## Record extracts
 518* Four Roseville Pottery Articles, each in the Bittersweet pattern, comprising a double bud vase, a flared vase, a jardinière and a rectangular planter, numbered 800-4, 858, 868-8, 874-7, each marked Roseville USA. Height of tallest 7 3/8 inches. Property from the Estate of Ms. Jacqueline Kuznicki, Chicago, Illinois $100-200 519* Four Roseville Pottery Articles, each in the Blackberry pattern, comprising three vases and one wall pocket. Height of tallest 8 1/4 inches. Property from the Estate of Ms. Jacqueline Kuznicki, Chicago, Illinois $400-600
...
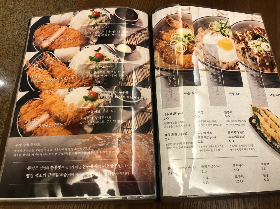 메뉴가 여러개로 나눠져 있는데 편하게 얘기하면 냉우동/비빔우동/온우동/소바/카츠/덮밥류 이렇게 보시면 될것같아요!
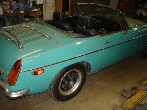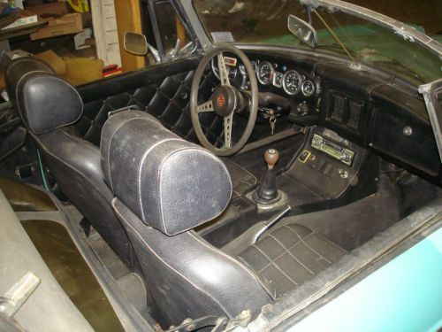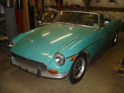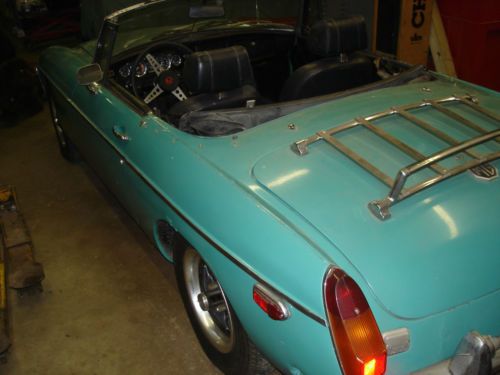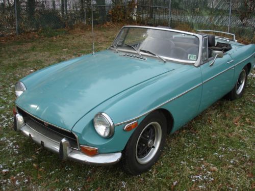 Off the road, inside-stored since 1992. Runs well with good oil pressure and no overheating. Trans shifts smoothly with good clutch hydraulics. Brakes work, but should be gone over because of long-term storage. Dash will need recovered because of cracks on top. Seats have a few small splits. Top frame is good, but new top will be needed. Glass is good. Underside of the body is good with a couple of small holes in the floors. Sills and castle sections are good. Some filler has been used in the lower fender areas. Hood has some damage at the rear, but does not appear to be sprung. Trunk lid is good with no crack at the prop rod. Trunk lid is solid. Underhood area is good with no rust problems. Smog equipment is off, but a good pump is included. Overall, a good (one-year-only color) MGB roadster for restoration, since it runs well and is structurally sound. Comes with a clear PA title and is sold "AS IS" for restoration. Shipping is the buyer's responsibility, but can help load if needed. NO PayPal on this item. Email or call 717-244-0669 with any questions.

## Problem statement
Your reply should hold nothing but the lines above, from the one containing "메뉴가 여러개로 나눠져" to the one containing "Off the road, inside-stored", reproduced exactly minus the pictures.

## The completed task
 메뉴가 여러개로 나눠져 있는데 편하게 얘기하면 냉우동/비빔우동/온우동/소바/카츠/덮밥류 이렇게 보시면 될것같아요!
 Off the road, inside-stored since 1992. Runs well with good oil pressure and no overheating. Trans shifts smoothly with good clutch hydraulics. Brakes work, but should be gone over because of long-term storage. Dash will need recovered because of cracks on top. Seats have a few small splits. Top frame is good, but new top will be needed. Glass is good. Underside of the body is good with a couple of small holes in the floors. Sills and castle sections are good. Some filler has been used in the lower fender areas. Hood has some damage at the rear, but does not appear to be sprung. Trunk lid is good with no crack at the prop rod. Trunk lid is solid. Underhood area is good with no rust problems. Smog equipment is off, but a good pump is included. Overall, a good (one-year-only color) MGB roadster for restoration, since it runs well and is structurally sound. Comes with a clear PA title and is sold "AS IS" for restoration. Shipping is the buyer's responsibility, but can help load if needed. NO PayPal on this item. Email or call 717-244-0669 with any questions.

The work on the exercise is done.